Wheat, rice, soy, and corn make up the majority of the crops traded on a world market and providing about one third of calories to people around the globe. While these commodities obviously play a critical role in food security, a large segment of crops remains out of the limelight, but still very much vital to allaying hunger primarily in developing countries. These edibles, local in production and consumption and neglected in the area of agricultural investment, are known as 'Orphan Crops.' To feed a hungry planet, more investment needs to go towards propagating and improving these varieties.
Millet is one of the orphan crops adapted to dry conditions. Cultivation dates back 10,000 years in Eastern Asia, and it seems to have predated rice on the Asian continent. Now, India produces the greatest quantities of millet, though it is also widely grown in parts of Africa and China. Like quinoa, this grainlike seed actually comes from a grass, and is used largely as a flour, porridge, and animal feedstock. In Taiwan you can even get millet beer, or the liquor rakshi in Nepal!
Mung Beans are another ancient crop native to Pakistan and India. Where in Asia, Africa, and parts of Latin America, mung beans are a nutritious legume for consumption in soups and curries, in the U.S. the beans are really only recognized as your salad bar sprouts! They are also ground into flour to produce cellophane noodles and are rich in fiber and protein.
Last night, I took my inspiration from the Indian tradition of Moong Dhal, a dish that is supposed to balance the three doshas in the Ayurvedic tradition. For my millet, I based my recipe on Mark Bittman's Autumn Millet Bake.
Depth of Winter Millet Madness (serves 2 - vg/gf)
1/2 cup dry millet
2/3 cup water or mild vegetable stock
1 tbs olive oil
1/2 delicata squash, quartered and sliced (no need to skin)
seeds from squash, pulp removed
2 large collard greens or lacinato kale leaves, roughly chopped
1/2 tsp cinnamon
1 tbs agave nectar
salt to taste
1. Heat half the olive oil in a sauce pan over medium heat, and toast the millet for 2-3 minutes until lightly toasted. Add liquid and raise heat to bring to a boil. Reduce heat, cover, and simmer for 20-30 minutes, check to see if more liquid is needed or desired texture has been reached.

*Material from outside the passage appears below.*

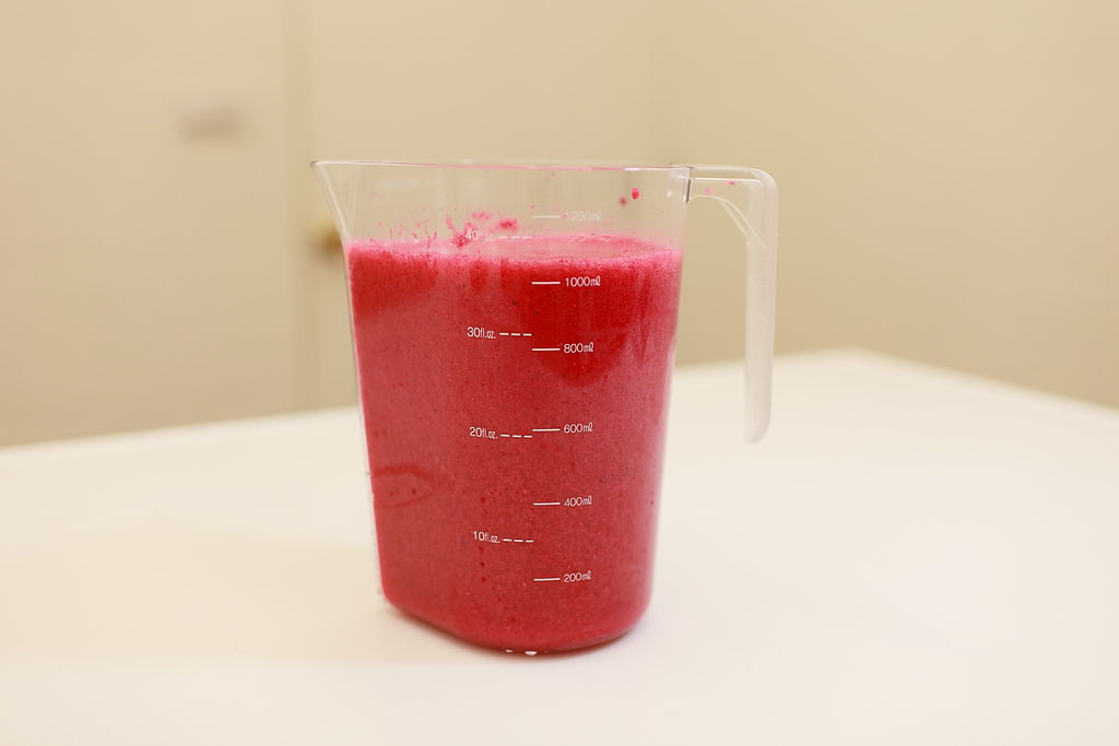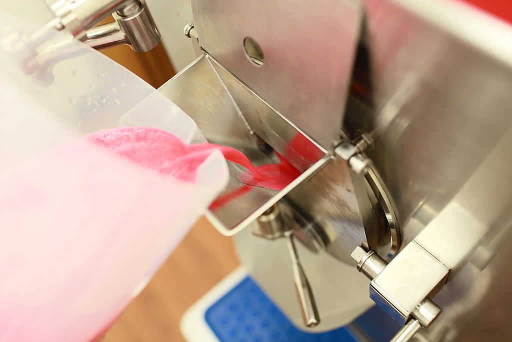 再來剛磨出來的汁是超黏的又一堆泡泡,所以一定要再拿去熬煮,很快地那些汁就沒有泡泡了,也不黏。最後會變成很濃縮的原液,有了這個濃縮液就可以很好應用,泡茶、做雪酪或做淋醬等應用更廣,而保存期限又可以更長。
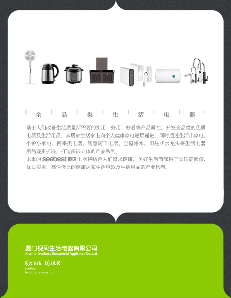厦门视贝科技有限公司是集产品自主设计,研发,生产,销售于一体的高科技企业。拥有80000平方米的制造厂房,核心员工2000多人。产品线涵盖照明、电工,卫浴,线路,集成风暖等领域。

2. Meanwhile, in a preheated 375F oven place a an oiled (with the rest of alottment) pan with squash and seeds, salted and spread evenly. Bake for 10 minutes, and then remove the seeds and let cool. Flip the squash and cook another 20 minutes until very tender.
3. Once millet is cooked - I like mine slightly toothy - add greens, cinnamon, and agave. Cook until greens are thoroughly wilted. Throw in your squash and seeds. Salt to taste. Serve with a good and nourishing dhal!
Although I might be enjoying these orphans for their nutritional benefits and overall flavor, what role do they have in an ever-consolidating world food economy? Stanford Professor (and my World Food Economy Prof!) argues that investing in these locally-adapted crops will prove to be critical to adapting to global changes and feeding the growing population in the developing world.
I love both millet and mung beans, so I dish that manages to combine both must be wonderful! It sounds so hearty and comforting, too.
I use a rice cooker to cook a mixture of toasted millet and soaked mung beans (12 hours). it is quite good. i also sometimes use a 50/50 mix of quinoa and millet. the deal is that millet and quinoa both cook in the same amount of time as soaked mung beans. after reading your article, i am going to add some squash. i usually make soaked brown jasmine rice and acorn squash in the rice cooker, but i think i will try a mix of millet, mung bean, and acorn squash. the real work with these is getting the water amounts adjusted correctly and making sure the ingredients will all cook in the same amount of time. once you have that, though, it's all pretty simple and you have a good staple meal. one thing you haven't mentioned is that mung beans are amazingly nutritious. even more so if you soak them for 12 hours due to germination.